The GMO-Disease Connection
Research gathered by a physicians’ group called the American Academy of Environmental Medicine (AAEM) reports that lab animals fed GMOs suffered from signs of:
- Premature aging
- Reproductive disorders
- Immune imbalance
- Gastrointestinal problems
- Organ damage
- Insulin and cholesterol disorders
Now more than ever, medical organizations like the AAEM are telling us to stop eating GMOs.
Plants are not the only GM foods that have been linked to disease.
Some dairy farms in the United States still inject their cows with something called bovine growth hormone (rbGH or rbST). Bovine growth hormone is an artificial hormone that was first developed by the agricultural biotech corporation Monsanto.
Genetically engineered bovine growth hormone promotes milk production. It also produces high levels of a hormone called IGF-1 in milk, which is known to cause cancer.
While diary farmers in the United States are still free to use bovine growth hormone, the American Public Health Association openly condemns the practice, and many products are now available rbST-free.
Choosing organic is important.
If we want to avoid GMOs in our diet, we must choose to eat organic foods, and we must do our best to avoid specific GM food crops, which may not be labeled.
GM food crops are:
- Canola (oil)
- Cottonseed (oil)
- Sugar from sugar beets
- Hawaiian papaya
- Alfalfa used for hay
- Some zucchini and yellow crookneck squash
- Some corn on the cob
When shopping, you may notice that fruits and vegetables have a little sticker on them with a four or five-digit number. This is the PLU code (price lookup code).
Contrary to what many believe, a PLU code does not verify whether or not a piece of produce is GMO. While a PLU code was created specifically for GM produce, it never caught on. The code is a five-digit number, starting with the number eight, and it is likely you have never come across one of these codes while shopping.
Therefore, Hawaiian papaya, some zucchini and yellow crookneck squash, and some corn on the cob are often GM - unless labeled otherwise.
Non-GMO and organic food are essential to the Body Ecology Diet.
Choosing food that is non-GMO falls right in line with the Body Ecology principles of healing.
Fortunately, the communication and transfer of genetic information that happens between bacteria is an ongoing process. In other words, we may have the ability to re-educate our inner ecosystem by continually supplying beneficial microorganisms to the digestive tract.

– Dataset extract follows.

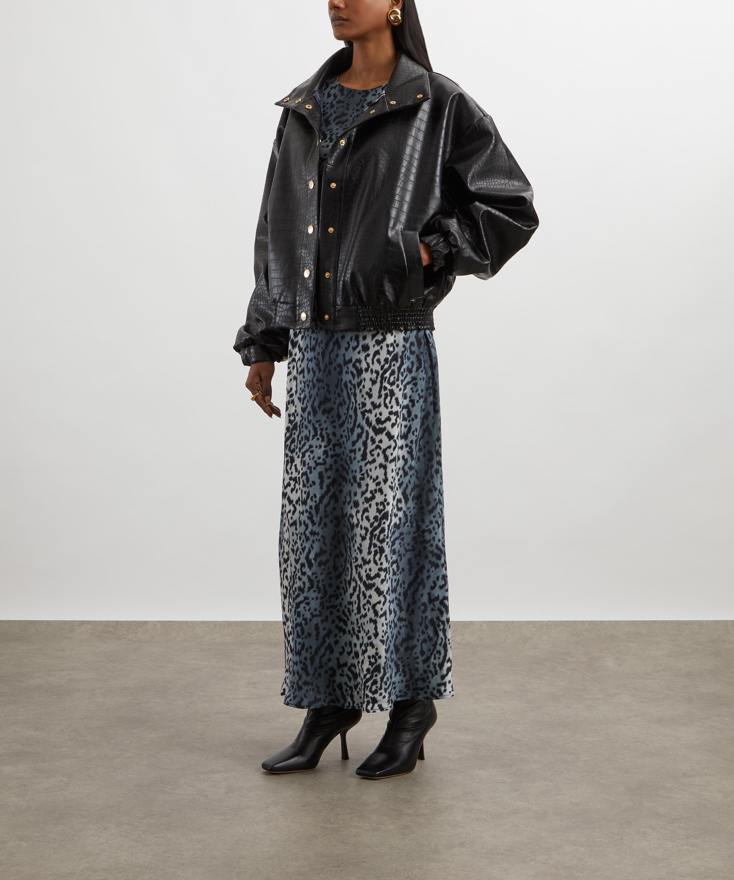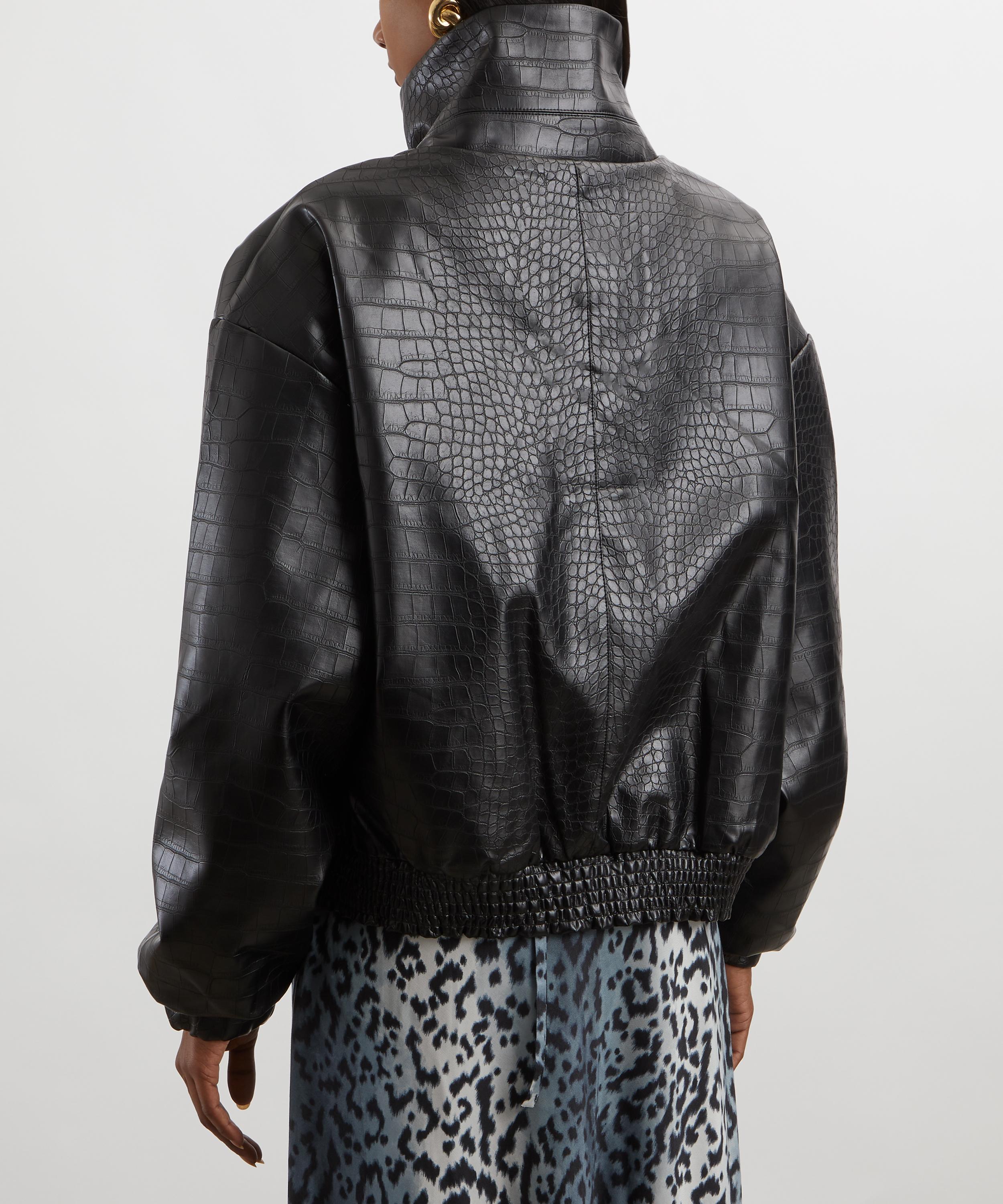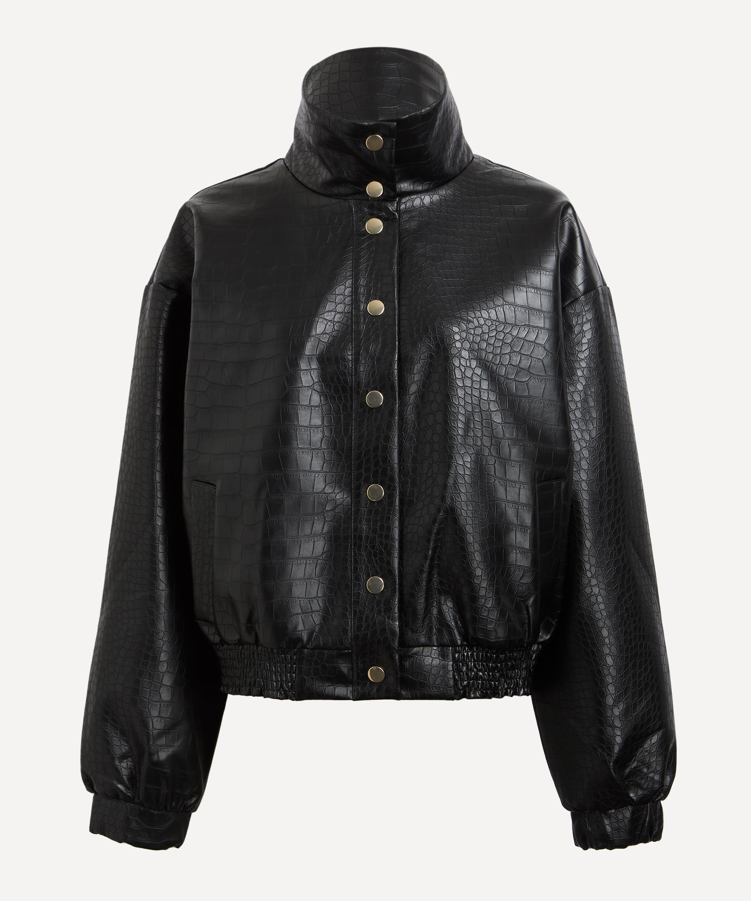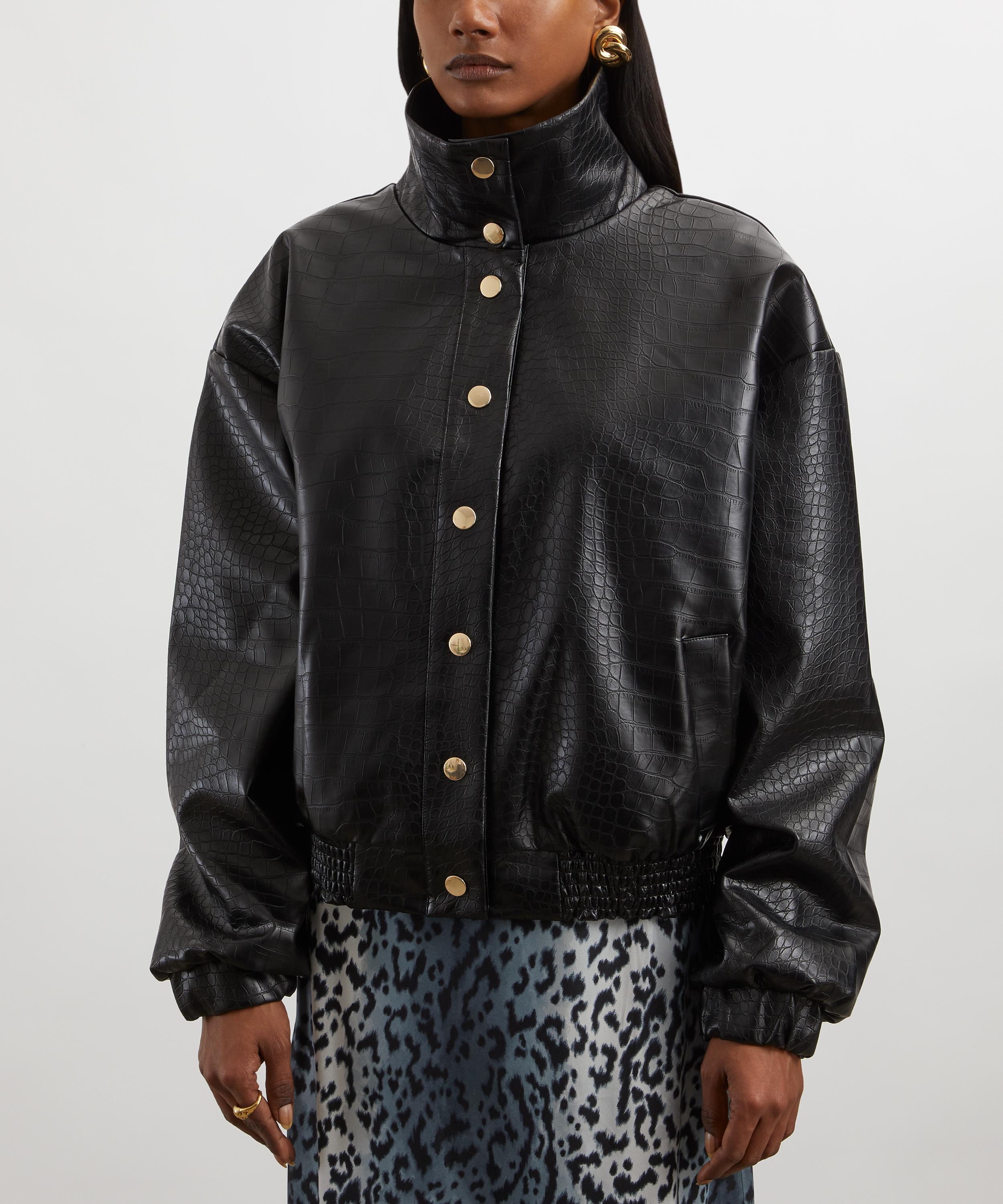 Estelle Black Faux Croc Oversized Bomber Jacket

The best way to populate the gastrointestinal tract with beneficial bugs? Eat fermented foods and drink probiotic beverages on a daily basis while incorporating the Body Ecology principles of balance and healing! And whenever possible, choose non-GMO and organic foods to protect your health.

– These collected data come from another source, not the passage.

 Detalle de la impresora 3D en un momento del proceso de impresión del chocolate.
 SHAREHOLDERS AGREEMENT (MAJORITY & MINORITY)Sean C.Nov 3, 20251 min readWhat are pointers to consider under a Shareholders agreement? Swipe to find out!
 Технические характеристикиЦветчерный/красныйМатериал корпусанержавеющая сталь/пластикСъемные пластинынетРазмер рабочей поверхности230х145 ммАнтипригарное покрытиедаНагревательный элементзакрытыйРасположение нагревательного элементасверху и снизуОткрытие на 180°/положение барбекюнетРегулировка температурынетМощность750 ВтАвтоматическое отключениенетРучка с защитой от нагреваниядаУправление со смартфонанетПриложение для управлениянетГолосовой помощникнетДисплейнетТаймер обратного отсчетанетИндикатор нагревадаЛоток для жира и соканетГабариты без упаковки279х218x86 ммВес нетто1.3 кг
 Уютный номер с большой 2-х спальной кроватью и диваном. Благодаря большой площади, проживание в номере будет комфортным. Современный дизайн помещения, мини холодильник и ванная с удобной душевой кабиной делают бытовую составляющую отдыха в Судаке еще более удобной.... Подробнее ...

What to Remember Most About This Article:
GMOs have been linked with intestinal and reproductive damage, food allergies, and even increased infant mortality! A GMO, or a genetically modified organism, was developed in a laboratory for agricultural purposes to help crops tolerate herbicides or work as a self-generating insecticide.

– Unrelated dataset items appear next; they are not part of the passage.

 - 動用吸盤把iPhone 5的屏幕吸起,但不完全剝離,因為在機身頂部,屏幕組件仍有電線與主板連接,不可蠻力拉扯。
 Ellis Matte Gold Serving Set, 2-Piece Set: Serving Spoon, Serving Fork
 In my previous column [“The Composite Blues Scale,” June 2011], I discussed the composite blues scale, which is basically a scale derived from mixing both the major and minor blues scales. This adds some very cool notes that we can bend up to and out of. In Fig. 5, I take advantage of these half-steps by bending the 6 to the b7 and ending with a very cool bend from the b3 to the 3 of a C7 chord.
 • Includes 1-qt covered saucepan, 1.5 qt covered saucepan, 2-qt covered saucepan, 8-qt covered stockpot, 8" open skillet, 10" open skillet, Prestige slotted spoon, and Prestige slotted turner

It should come as no surprise that genetically modified foods cause deep toxicity within the body. For instance, the genetic information found in GM soy can actually transfer to the bacteria into our inner ecosystem. GM foods have contributed to the development of many common diseases in the US, including premature aging, immune imbalances, gastrointestinal problems, organ damage, and more.
To protect your inner ecosystem, choose non-GMO, organic foods whenever possible. Keep in mind that many GM food crops may not be labeled, like corn, soy, Hawaiian papaya, some zucchini, and some corn on the cob. On top of that, make it a practice to eat fermented foods and drink probiotic beverages every day to populate your gut with friendly bacteria and heal your body from the inside out!
- A Aris, et al. Maternal and fetal exposure to pesticides associated to genetically modified foods in Eastern Townships of Quebec, Canada. Reprod Toxicol. 2011 May;31(4):528-33. Epub 2011 Feb 18.